MATERIAL FOR THE TASK

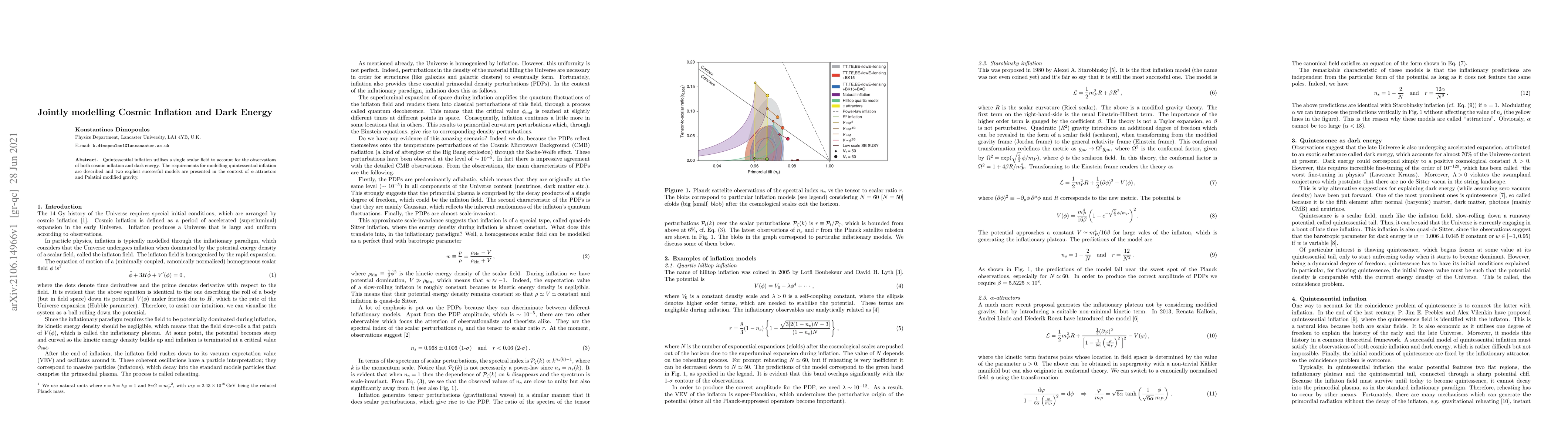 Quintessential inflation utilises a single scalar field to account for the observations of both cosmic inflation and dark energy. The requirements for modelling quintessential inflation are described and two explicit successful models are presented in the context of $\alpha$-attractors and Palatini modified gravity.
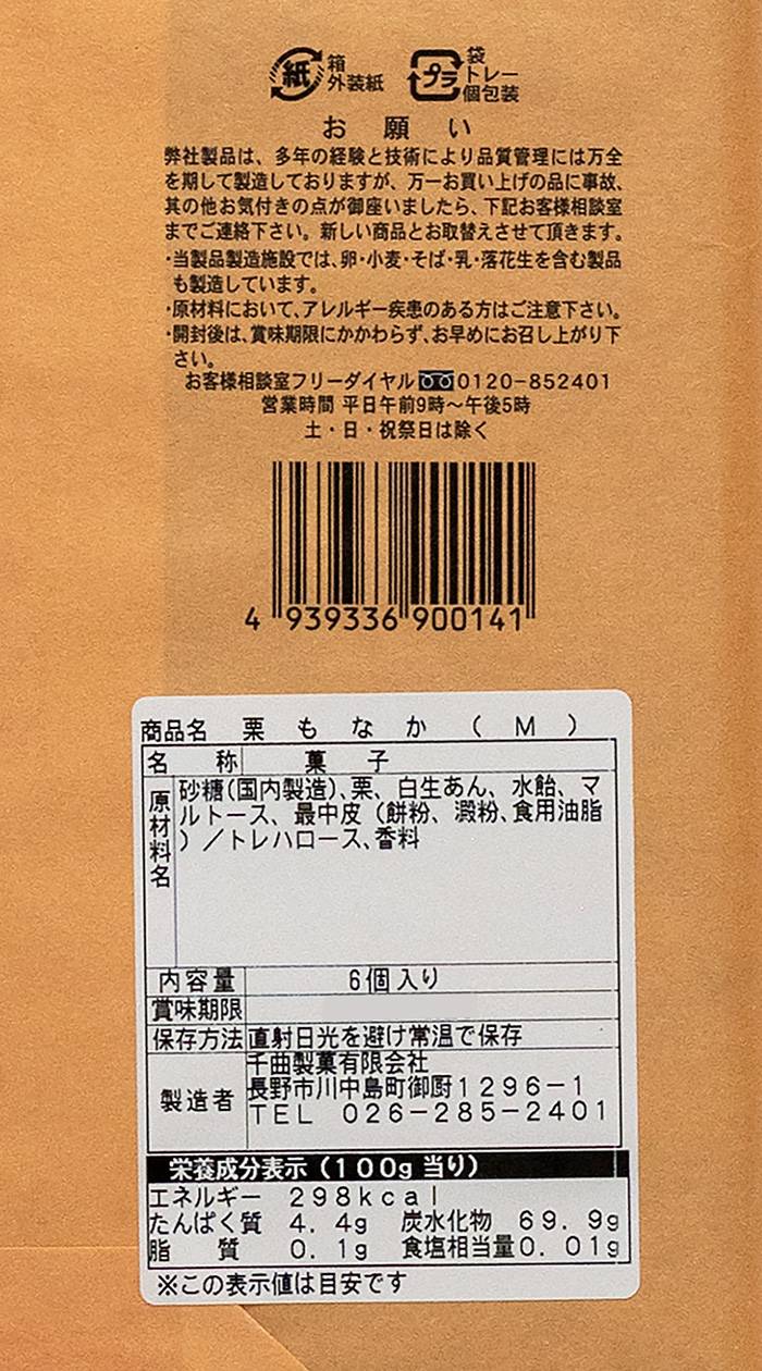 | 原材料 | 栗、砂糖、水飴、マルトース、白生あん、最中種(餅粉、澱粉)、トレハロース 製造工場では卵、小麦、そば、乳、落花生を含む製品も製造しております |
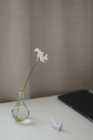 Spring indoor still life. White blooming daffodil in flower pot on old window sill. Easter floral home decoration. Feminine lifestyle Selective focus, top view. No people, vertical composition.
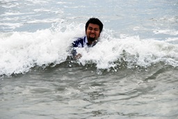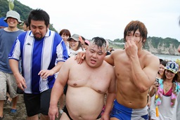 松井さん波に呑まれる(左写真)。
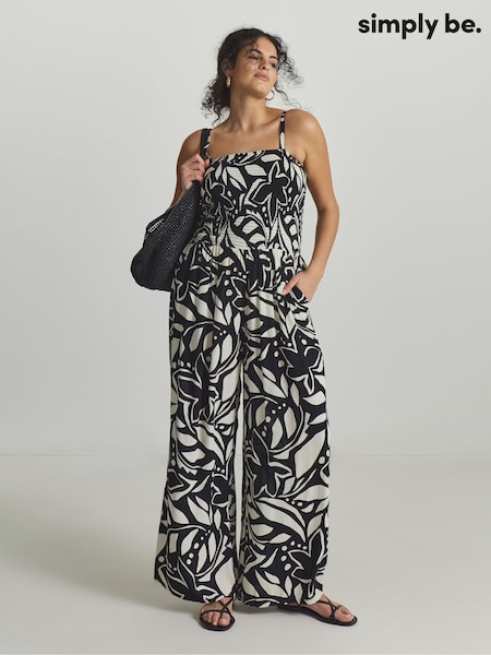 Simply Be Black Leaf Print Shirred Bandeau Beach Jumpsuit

EXERCISE INSTRUCTIONS
Take the line that contains "松井さん波に呑まれる(左写真)。" and every line after it down to the last line of the entries above, and output them exactly, with nothing else and no pictures.

ANSWER TO THIS EXERCISE
 松井さん波に呑まれる(左写真)。
 Simply Be Black Leaf Print Shirred Bandeau Beach Jumpsuit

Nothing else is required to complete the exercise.